O historiador Daniel Pereira informa que em 1485 “ a Ilha de Santiago já estava dividida em duas capitanias: a do Norte, com sede na Vila dos Alcatrazes, e a do Sul, com a sua sede na Ribeira Grande. Por capitania, deve entender-se circunscrição territorial concedida a um delegado do rei, por ele nomeado, mediante a entrega de um documento intitulado “Carta de Capitania”.” (2005:44).

Ao longo dos tempos, a ilha de Santiago veio a dar origem a uma sociedade multiétnica, criando um quadro de miscigenação cultural. Ribeira Grande funcionava como porto de escala obrigatória para os navios que sulcavam o Atlântico, durante os dois primeiros séculos da sua descoberta e povoamento. O arquipélago é fundamental para o comércio, facto este que faz surgir e prosperar a vila da Ribeira Grande, o berço da sociedade cabo-verdiana.

Esta ilha tornou-se sede do trânsito de escravos e desde o início da colonização teve com os frades Capuchinhos a presença da Igreja Católica. O historiador António Carreira diz: “era na ilha (de Santiago) que se depositavam os escravos trazidos da costa com vista a serem “preparados” e, depois, “exportados”. (1972:259). A propósito da presença da escravatura, o historiador Daniel Pereira refere que a Carta Régia de 1466 concedia “aos moradores da ilha de Santiago a possibilidade de irem resgatar e comerciar escravos à costa ocidental africana, na zona compreendida entre o norte do Senegal e o limite norte da Serra Leoa, ajudou ao rápido povoamento da Ilha com mão- de-obra escrava, e Ribeira Grande transformou-se, simultaneamente, num verdadeiro entreposto de venda de escravos.” (2005:37). Aliás, como indica António Carreira em “Tratos e resgates dos portugueses nos Rios de Guiné e ilhas de Cabo Verde nos começos do século XVII”:

[…] a questão do despacho de escravos nas feitorias dos rios de Guiné foi debatida (sem resultados práticos) durante largos anos – até ao findar da primeira metade do século XVII. O litígio terminou quando Santiago perdeu a posição de entreposto de “exportação” de escravos, entre 1643-1645. E foi uma das principais causas da decadência da grande ilha. (1978:92).

Por volta de 1600, o governo português enviou jesuítas para a referida ilha e consta em Cartas da Missão, na Carta 60 dirigida ao padre André Fernandes de 25 de dezembro de 1652, Padre António Vieira escreve:

É o caso que nesta ilha de Santiago, cabeça de Cabo Verde, há mais de 60 mil almas, e nas outras ilhas, que são oito ou dez, outras tantas, e todas elas estão em extrema necessidade espiritual; porque não há religiosos de nenhuma Religião que as cultivem, e os párocos são mui pouco zelosos, sendo o natural da gente o mais disposto que há entre todas as nações das novas conquistas, para se imprimir neles tudo o que lhes ensinarem. (2013:70).

Como foi insinuado, o povo de Santiago destacava-se pela crença religiosa consequente da forte presença da evangelização que imperou desde início até ao século XVII de forma crescente, altura em que a cidade da Ribeira–Grande deixou de ser um entreposto obrigatório. A partir dessa data, os navios negreiros passaram a efetuar as suas viagens diretamente do litoral africano para os portos do continente americano, sem necessidade de efetuar qualquer escala na Ilha de Santiago.

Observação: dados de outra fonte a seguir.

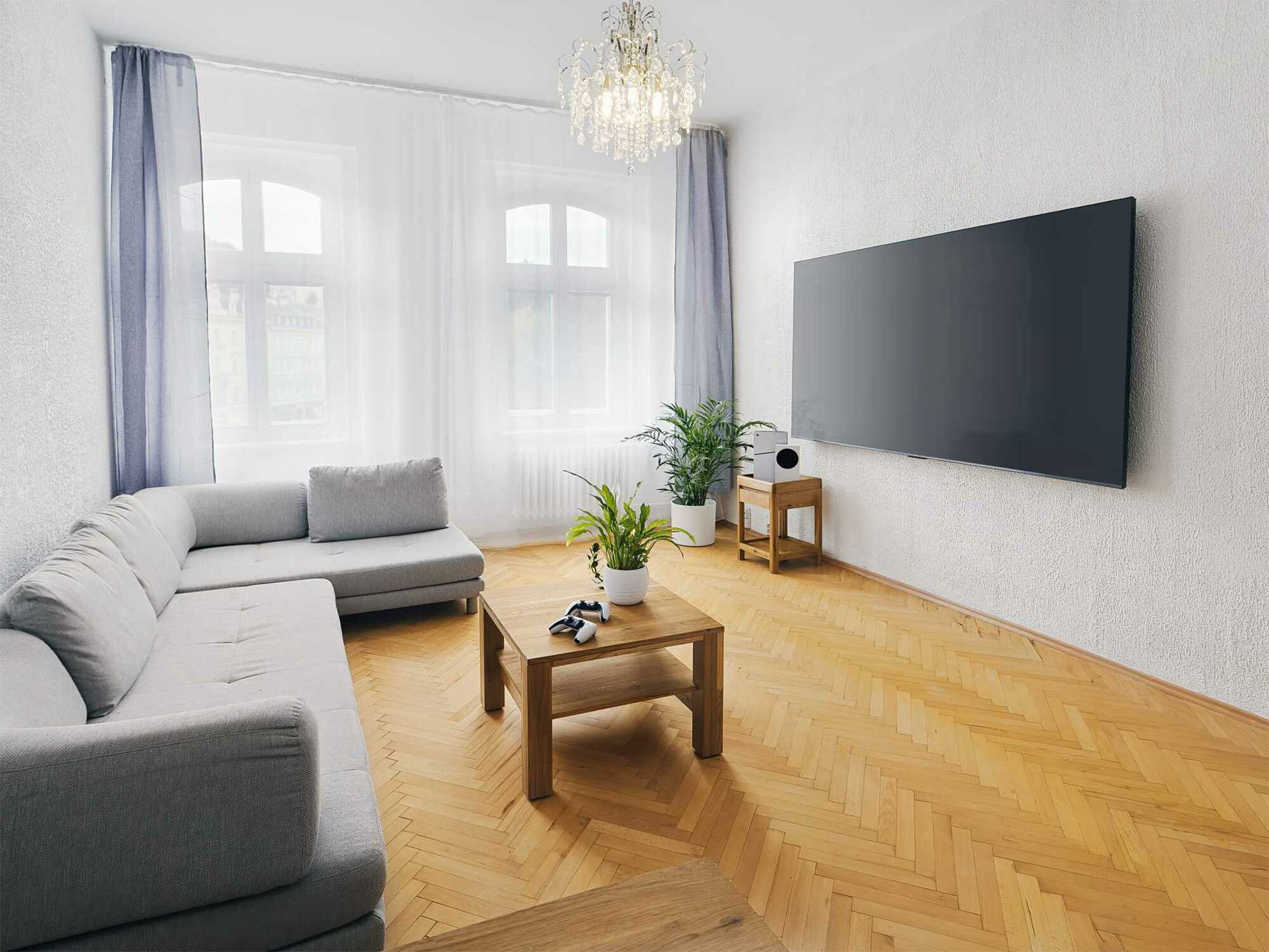 Velký apartmán se dvěma ložnicemi ve 3. patře, kam vede výtah do mezipodlaží, je ideální pro rodinu nebo skupinu hostů, kteří ocení prostor a pohodlí. Byt má nádherný výhled na park s Alžbětinými lázněmi, centrum města a řeku. Zaujme původními parketami, vysokými stropy a masivním nábytkem. Obývací pokoj nabízí velkou sedací soupravu a obrovskou 100" televizi s PlayStationem i Xboxem pro společné chvíle i zábavu. Obě ložnice mají manželské postele s možností přípravy oddělených lůžek, každá s vlastní televizí. Kuchyně, koupelna a WC jsou zachovány dle požadavku majitele, přesto dbáme na maximální čistotu. V koupelně nechybí sprcha ani pračka se sušičkou.

António Carreira refere que o tráfego de escravos, o apoio à navegação (víveres frescos, aguadas) e o comércio (tecelagem, sal, algodão, urzela, anil, cana de açucar) e a agricultura faziam a riqueza dos senhores e libertos que assim sustentavam os seus escravos. Com a perda do privilégio de Centro do Comércio, a cidade começou a perder importância, tudo se agravando com os ataques de corsários, caso em que seriam os escravos a auxiliarem os senhores a fugirem para o interior da ilha.

E é esta sociedade composta por senhores, libertos, escravos que se vai desenvolver com o tempo Histórico, caso em que os senhores acabam por criar a classe dos morgadios. Ilha muito agrícola, criou ao lado dos latifúndios dos morgados, a classe de agricultores que serve de base à história de Os Dois Irmãos.

Desde 1820 que Santiago vinha passando por uma grande instabilidade social e política, dos eventos de nudança decorrentes do colapso do sistema da escravatura e, por outro, dos efeitos da revolução liberal em Portugal, cujos ecos chegam, por vezes, através da presença de degredados políticos e militares.